Thanks. This works as described.
For reference (other users reading), the behaviour is described in AdminGuide (v13.1) §4.8.33.4.ii.
Upon submission, the sched-log spits out (example):
…;pbs_sched;Job;.;Considering job to run
…;pbs_sched;Job;.;Can’t fit in the largest placement set, and can’t span placement sets
…;pbs_sched;Job;.;Job will never run with the resources currently configured in the complex
The job status gets a comment (seen by eg qstat) reading:
comment = Can Never Run: can’t fit in the largest placement set, and can’t span psets
The job is still stuck in the queue, though. I will try to look for a setting, where it may be possible to automagically kick such jobs totally from the queue. (This is a lower-priority issue, but as none of our real jobs are started interactively, I would like an automatic failure to happen).
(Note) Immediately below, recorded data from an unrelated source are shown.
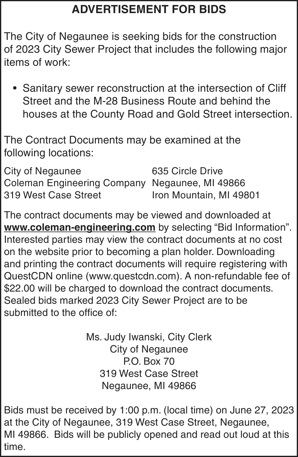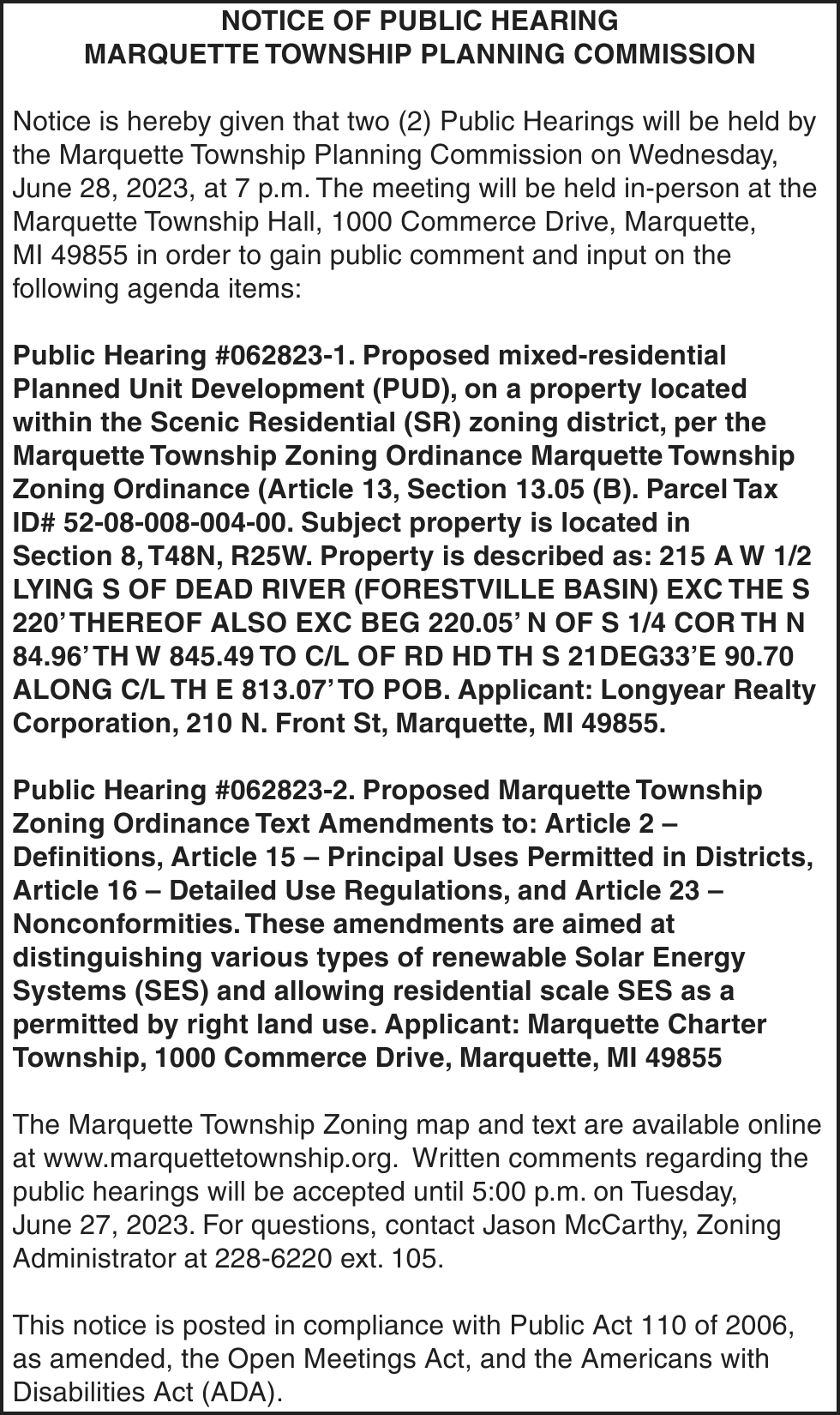 Notice of foreclosure by advertisement. Notice is given under section 3212 of the revised judicature act of 1961, 1961 PA 236, MCL 600.3212, that the following mortgage will be foreclosed by a sale of the mortgaged premises, or some part of them, at a public auction sale to the highest bidder for cash or cashier’s check at the place of holding the circuit court in Marquette County, starting promptly at 10:00 AM on JUNE 22, 2023. The amount due on the mortgage may be greater on the day of the sale. Placing the highest bid at the sale does not automatically entitle the purchaser to free and clear ownership of the property. A potential purchaser is encouraged to contact the county register of deeds office or a title insurance company, either of which may charge a fee for this information.
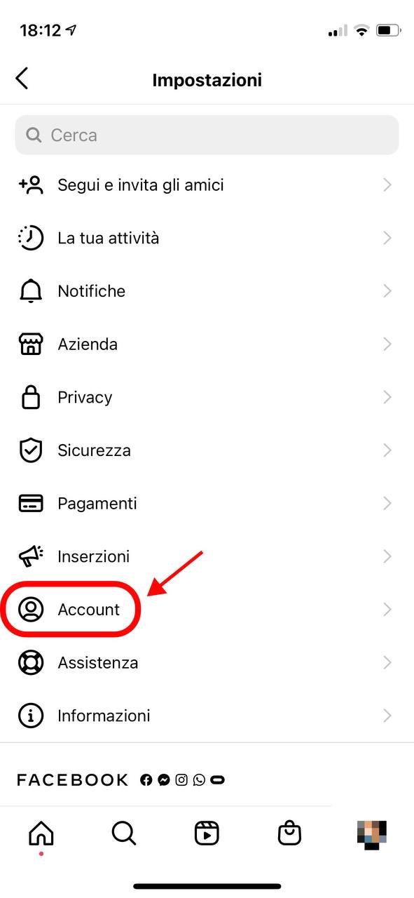 - Individuiamo l’immagine del nostro profilo nella barra in basso a destra a facciamo tap su di essa;
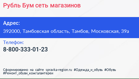 Рубль Бум, сеть магазинов по адресу 392000, Тамбовская область, Тамбов, Московская, 39а в дальнейшем Организация, размещена в следующих категориях: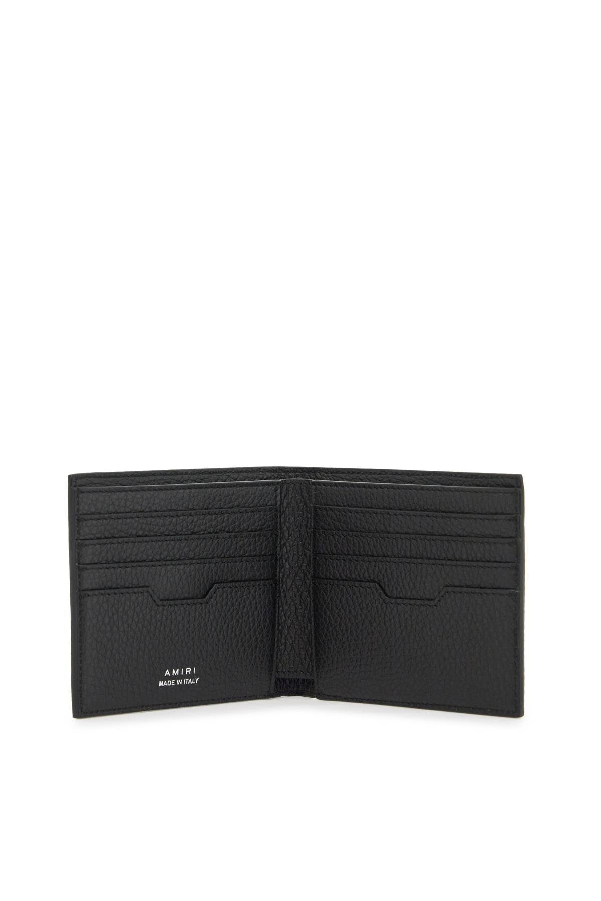 The Amiri bi-fold wallet is made of hammered leather with an all-over paisley pattern and micro monogram. It features a compartment for bills, eight credit card slots, and two slip pockets. Size and Fit - Accessory Length = 11,5 cm, Accessory Height = 9,5 cm, Accessory Weight = 1,5 cm,

Actually, this happens to be perfectly OK in our case. Firstly nodes are not identical (compute are 20-core haswell to be used for eg HPC/MPI stuff, while the io are older 12-core nehalem systems). Secondly, we do not have any lusers on the system. All jobs are under control of a small hand-full of developers setting up operational job systems. Some jobs really must run on the compute nodes, while others could run on any group. I could probably set the selection up based on two different queues, but both kind of jobs will be issued by the same operational user.
This is a cute trick, and I will keep it in mind - plus write it on our internal howto/tricks list for PBSpro. For the foreseeable future, the group which I want to be the default happens to be the smallest.
As we are aiming to power-down nodes, which are not in use, I expect that we will have to explicilty tell pbs (server) that those fake nodes are truly “dead” and not to be woken (plus not to complain about them not waking). I’ll deal with that if the issue arises. +1 for raising this caveat.
I agree that the select syntax is more powerful. However, we have a few “specialities” to consider.
A. We will enforce job-exclusive use of nodes, so we will never have several jobs (or users) on a single node.
B. Some jobs (in particular IO-intensive jobs) just want exclusive access to “a node” (or a node count) to do “their thing”. These jobs interfere with other jobs as they use loads of system resources, so I still want a way to state “give me two nodes” - and not just get scheduled to a single vnode because the resources seem to fit.
To resolve this I have now created a new resource (“infiniband” - type long), and given each node one of these. Then I can ask for -lselect=2:infiniband and get exactly 2 nodes. The nodect limit (http://community.openpbs.org/t/problems-with-resources-max-nodes) then still is enforced and works.
Thanks a lot guys!
/Bjarne